AFFAIRS and CHEATING happen more regularly than people would like to think…. Here are 5 reasons why it occurs.
1. BOREDOM 😒
We all know about the honeymoon period. Roses are red and the sun is always shining. There can be no fault with the person you are dating or in a relationship with. Then the consistent drum of life’s routine returns and that initial excitement of exploring new things has died down.
There is less excitement than what used to be in the first few months of seeing each other.
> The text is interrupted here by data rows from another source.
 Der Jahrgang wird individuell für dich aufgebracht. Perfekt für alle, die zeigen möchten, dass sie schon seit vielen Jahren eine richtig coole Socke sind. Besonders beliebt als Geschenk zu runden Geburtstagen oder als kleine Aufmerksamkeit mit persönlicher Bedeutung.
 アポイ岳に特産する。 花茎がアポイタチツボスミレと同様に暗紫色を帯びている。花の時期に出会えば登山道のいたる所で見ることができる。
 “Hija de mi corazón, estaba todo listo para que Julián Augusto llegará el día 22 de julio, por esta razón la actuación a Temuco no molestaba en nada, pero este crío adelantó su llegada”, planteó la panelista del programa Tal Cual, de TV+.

For some, to gain that excitement back, they opt for an AFFAIR. The rush of trying to not get CAUGHT out for doing something they know is ‘wrong’ is a short lived high that eventually wears off – but it causes everlasting damage to the relationship in the process.
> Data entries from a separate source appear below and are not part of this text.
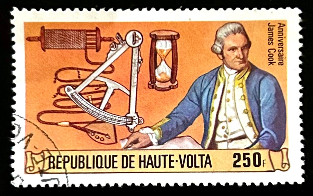Upper Volta – 1978 Captain James Cook. Captain James Cook FRS was a British explorer, cartographer and naval officer famous for his three voyages between 1768 and 1779 in the Pacific Ocean and to New Zealand and Australia in particular
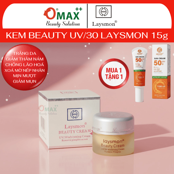 Kem Laysmon UV/30 Beauty Cream 15g (Đài Loan Chính Hãng) - Dưỡng Trắng, Mờ Thâm Nám & Giảm Mụn Hiệu Quả
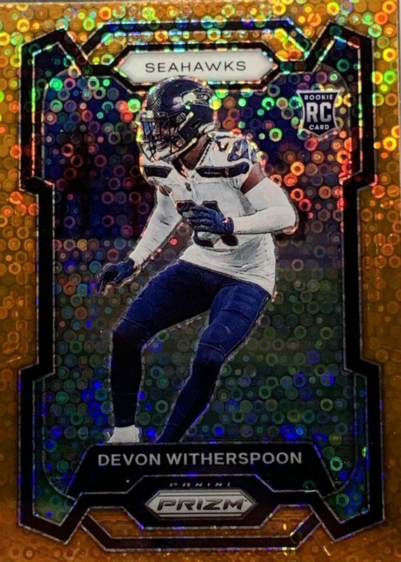 2023 Prizm Orange Disco Prizms Devon Witherspoon Rookie Seattle Seahawks #389 +
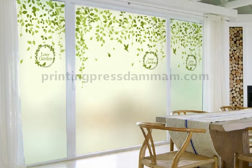 Frosted window films printing applies semi-transparent branded designs on glass, enhancing privacy while maintaining natural light and stylish branding.
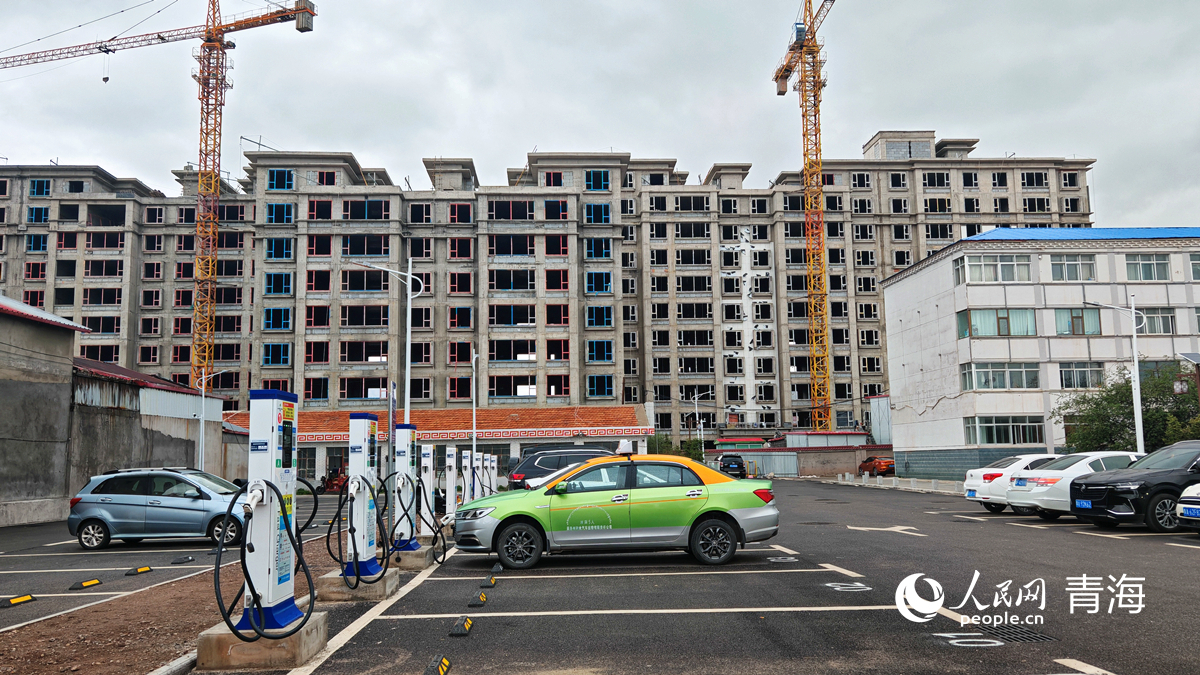 青海省果洛州玛沁县八一路停车场充电站内,新能源车正在充电。图片来自人民网(点击图片查看详情)
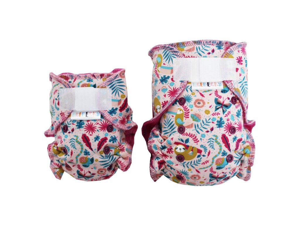 Každou velikost lze snadno regulovat ve výšce sedu pomocí patentek v přední části pleny a obvod kolem bříška si přizpůsobíte pomocí suchého zipu nebo také patentkami (záleží na tom jaké zapínaní jste si při nákupu vybrali).

2. TRYING TO GET CAUGHT IN THE ACT 🤨
At the other end of the spectrum, some partners CHEAT and intentionally want to get caught out or admit it outright to their partners as a easy way out of the relationship. It’s a win-win for the CHEATER, because instead of working out problems in their MARRIAGE, ending it because they “cheated” is a quick scapegoat.
3. TIMES OF NEGLECT
When one partner feels they are being neglected or not having certain “needs” met they may look outside the relationship. It starts from having that colleague rather than the wife listen to certain feelings, and soon enough a workplace AFFAIR has started with the legal secretary. Or, sexual intimacy has become less due to work commitments pulling him/her away and there is a craving for physical closeness. Soon enough, people look elsewhere.
4. ACTS OF REVENGE
In toxic relationships there is an 👁EYE for an EYE 👁 MENTALITY. At this point in a long term relationship, two individuals have the cycle of hurting and then blame. Either the CHEATER is taking revenge for the other spouse having cheated already, or they are using extra marital sex to punish their spouse for bad or neglectful behaviour.
5. ABUSE AND MISTREATMENT
It is common that at one time or another in a long term relationship to lose oneself or a sense of who you are. This is especially more common in abusive relationships.
If a spouse is being mistreated and abused, the person may seek independence and a sense of gaining back their power through the act of cheating.